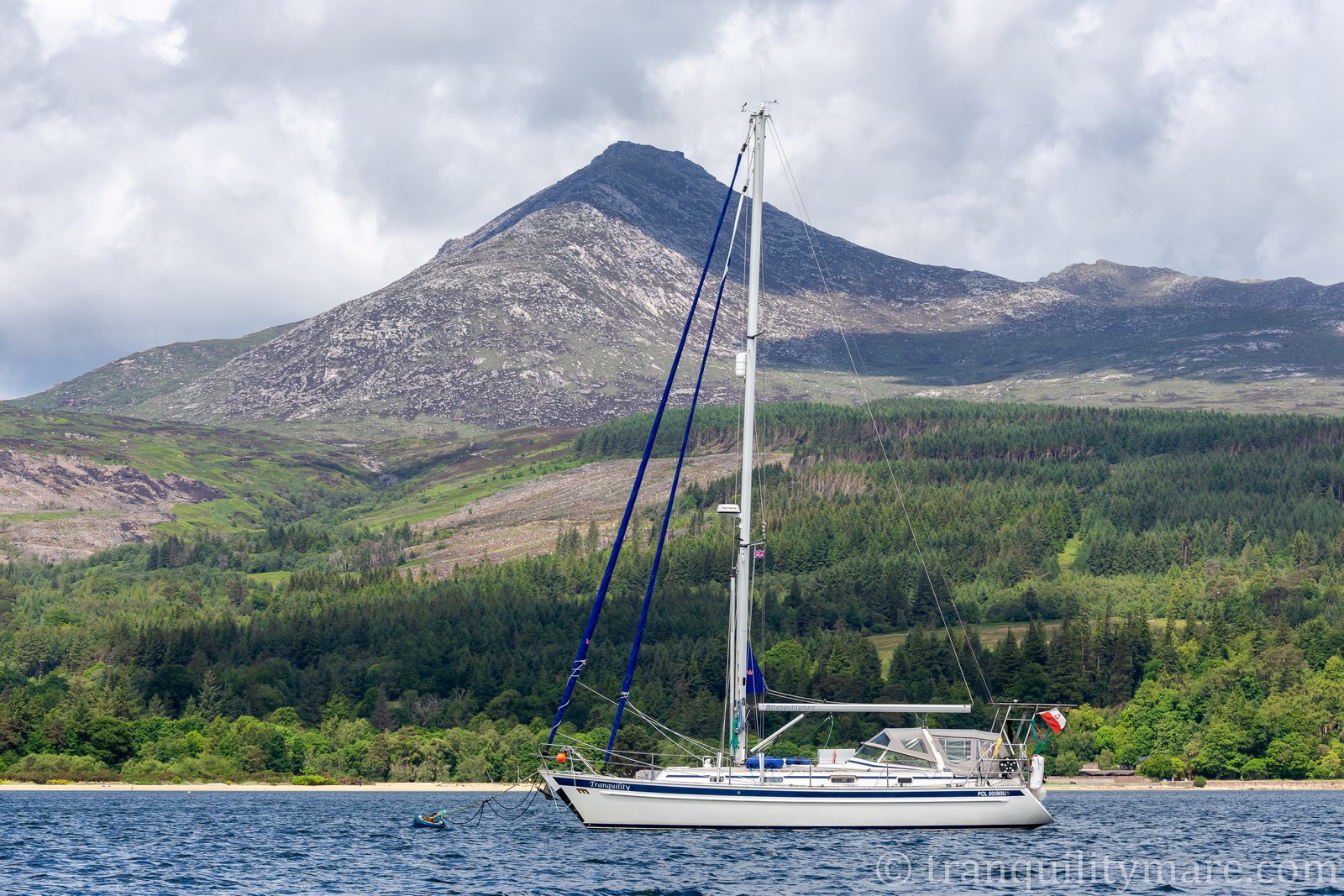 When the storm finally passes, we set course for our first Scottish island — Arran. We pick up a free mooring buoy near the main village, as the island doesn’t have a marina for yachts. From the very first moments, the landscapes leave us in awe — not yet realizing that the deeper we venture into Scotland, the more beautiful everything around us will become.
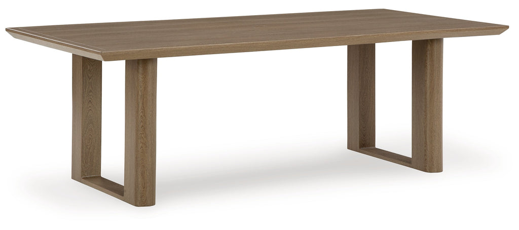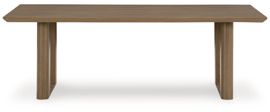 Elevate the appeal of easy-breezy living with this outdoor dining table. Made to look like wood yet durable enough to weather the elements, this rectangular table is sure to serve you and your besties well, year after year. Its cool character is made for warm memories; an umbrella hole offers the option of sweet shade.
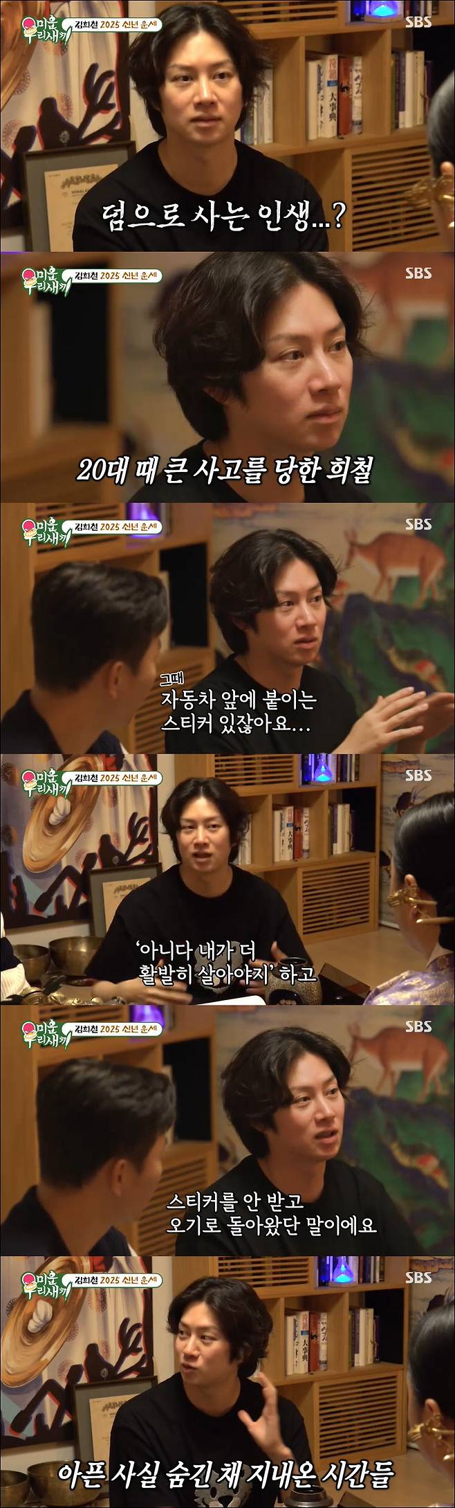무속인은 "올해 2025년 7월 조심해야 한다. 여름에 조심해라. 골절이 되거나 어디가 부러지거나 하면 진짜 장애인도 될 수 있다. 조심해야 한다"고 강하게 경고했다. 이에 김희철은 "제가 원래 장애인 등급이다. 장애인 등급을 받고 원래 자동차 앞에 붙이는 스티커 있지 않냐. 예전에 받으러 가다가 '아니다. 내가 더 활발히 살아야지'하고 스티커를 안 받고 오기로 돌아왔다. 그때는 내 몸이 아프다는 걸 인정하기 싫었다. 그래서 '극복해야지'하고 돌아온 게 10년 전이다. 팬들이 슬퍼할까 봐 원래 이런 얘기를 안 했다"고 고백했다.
::::::::::
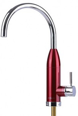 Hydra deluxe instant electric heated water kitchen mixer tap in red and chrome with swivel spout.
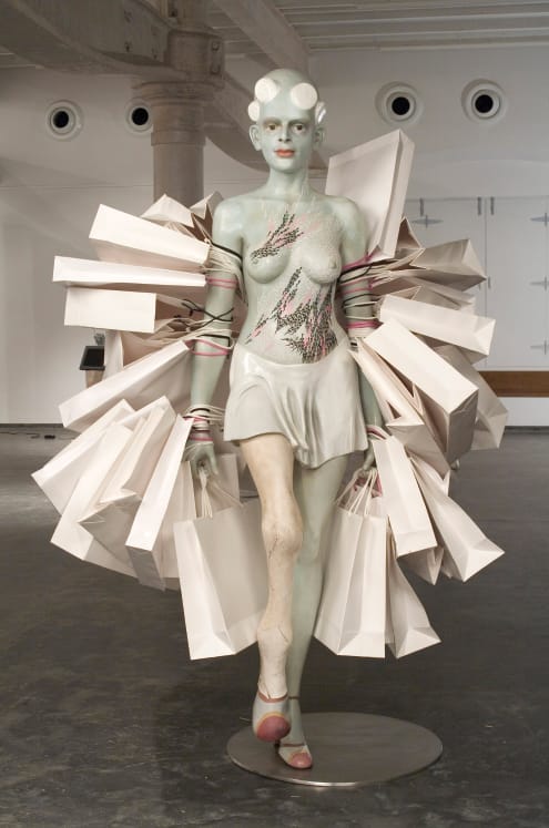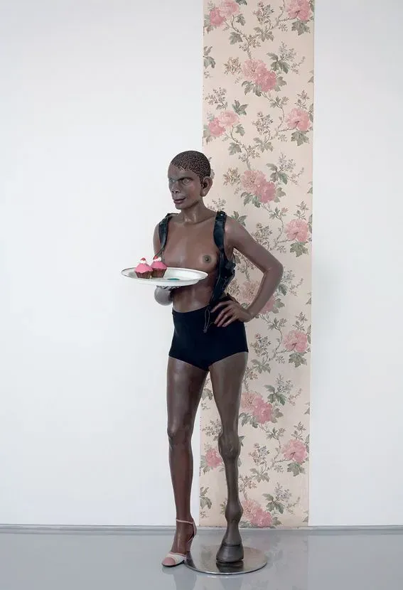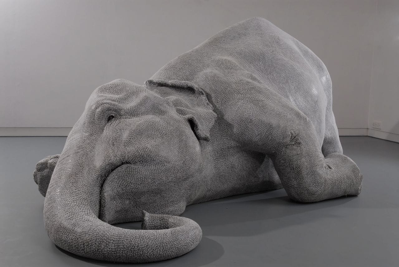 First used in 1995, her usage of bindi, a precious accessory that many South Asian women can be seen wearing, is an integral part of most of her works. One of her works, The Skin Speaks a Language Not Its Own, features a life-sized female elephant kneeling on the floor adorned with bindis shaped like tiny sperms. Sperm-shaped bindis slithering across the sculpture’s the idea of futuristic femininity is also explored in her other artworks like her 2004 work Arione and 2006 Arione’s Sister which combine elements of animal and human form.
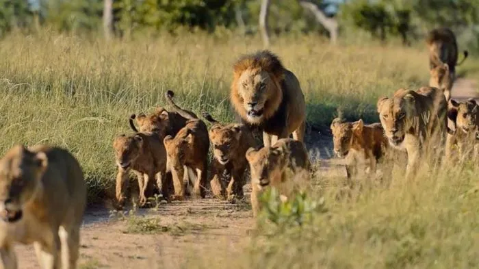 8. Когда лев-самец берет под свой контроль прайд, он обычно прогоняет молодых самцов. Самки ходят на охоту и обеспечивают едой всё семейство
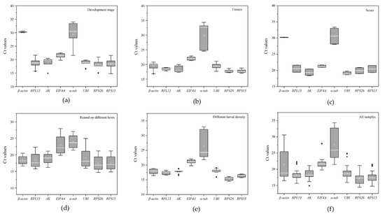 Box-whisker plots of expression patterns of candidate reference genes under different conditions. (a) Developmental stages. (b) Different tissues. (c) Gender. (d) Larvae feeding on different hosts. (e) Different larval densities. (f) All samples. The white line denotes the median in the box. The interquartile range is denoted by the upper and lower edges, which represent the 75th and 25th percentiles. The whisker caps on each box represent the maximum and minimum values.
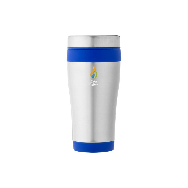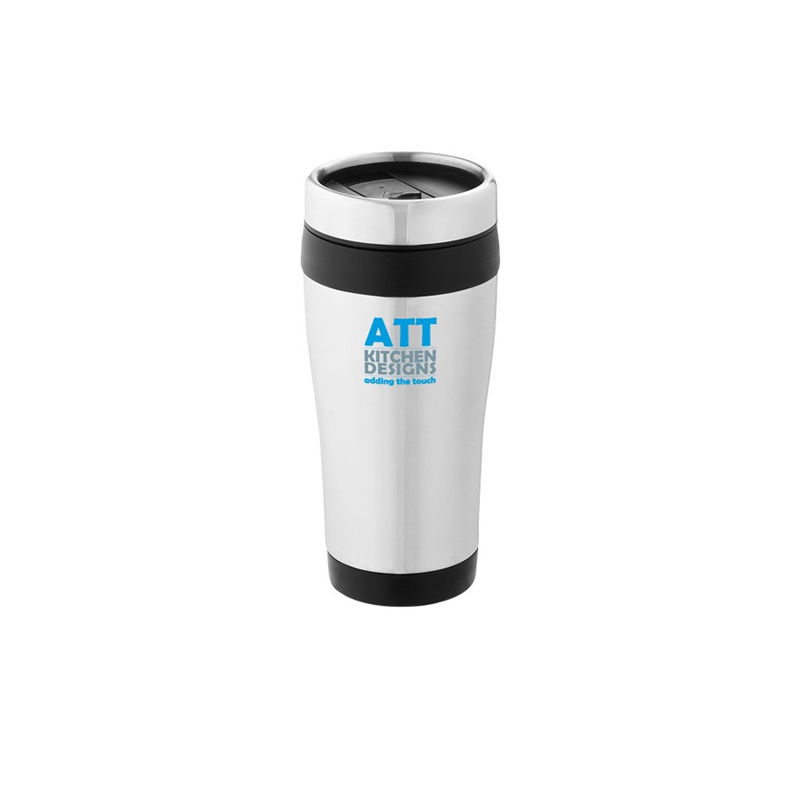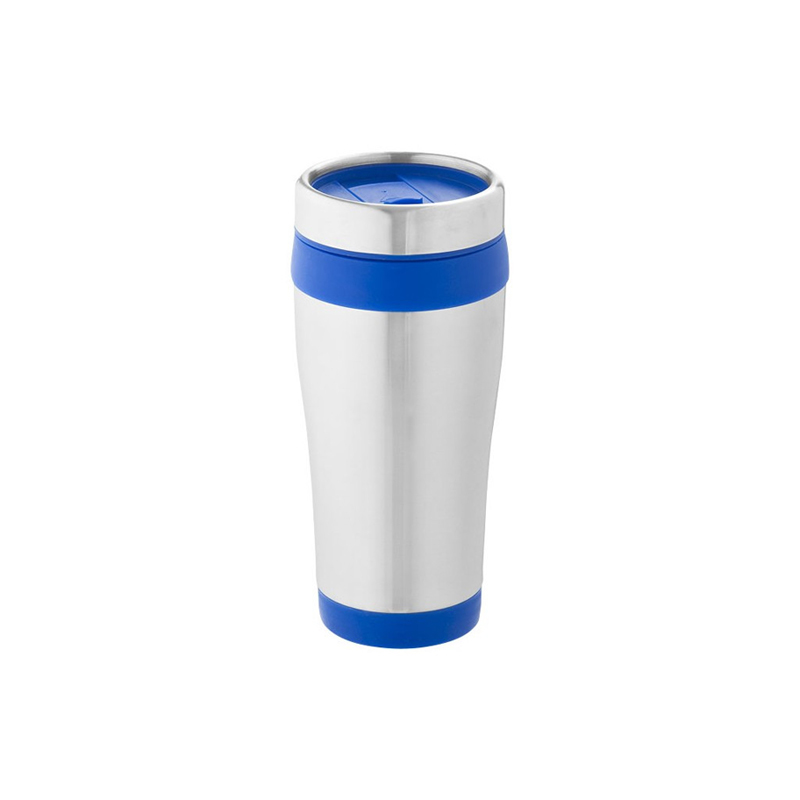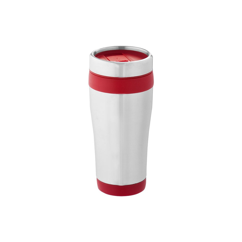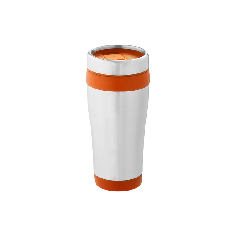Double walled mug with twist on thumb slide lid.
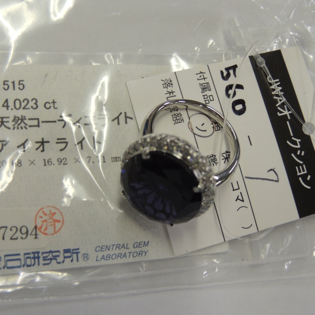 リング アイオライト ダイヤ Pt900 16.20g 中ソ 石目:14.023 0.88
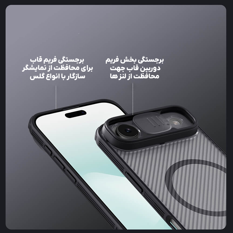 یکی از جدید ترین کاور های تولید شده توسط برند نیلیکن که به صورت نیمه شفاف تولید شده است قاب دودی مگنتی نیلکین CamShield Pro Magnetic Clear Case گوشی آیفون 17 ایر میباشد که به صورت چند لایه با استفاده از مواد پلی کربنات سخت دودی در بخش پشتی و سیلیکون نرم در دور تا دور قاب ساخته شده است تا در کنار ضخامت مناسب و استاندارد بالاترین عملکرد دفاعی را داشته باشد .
::::::::::
- WORK ORDER
Set down, exactly as written above, each line from the one with "Double walled mug" through the one with "یکی از جدید", and skip the pictures.

- SOLUTION FOR THIS EXERCISE
Double walled mug with twist on thumb slide lid.
 リング アイオライト ダイヤ Pt900 16.20g 中ソ 石目:14.023 0.88
 یکی از جدید ترین کاور های تولید شده توسط برند نیلیکن که به صورت نیمه شفاف تولید شده است قاب دودی مگنتی نیلکین CamShield Pro Magnetic Clear Case گوشی آیفون 17 ایر میباشد که به صورت چند لایه با استفاده از مواد پلی کربنات سخت دودی در بخش پشتی و سیلیکون نرم در دور تا دور قاب ساخته شده است تا در کنار ضخامت مناسب و استاندارد بالاترین عملکرد دفاعی را داشته باشد .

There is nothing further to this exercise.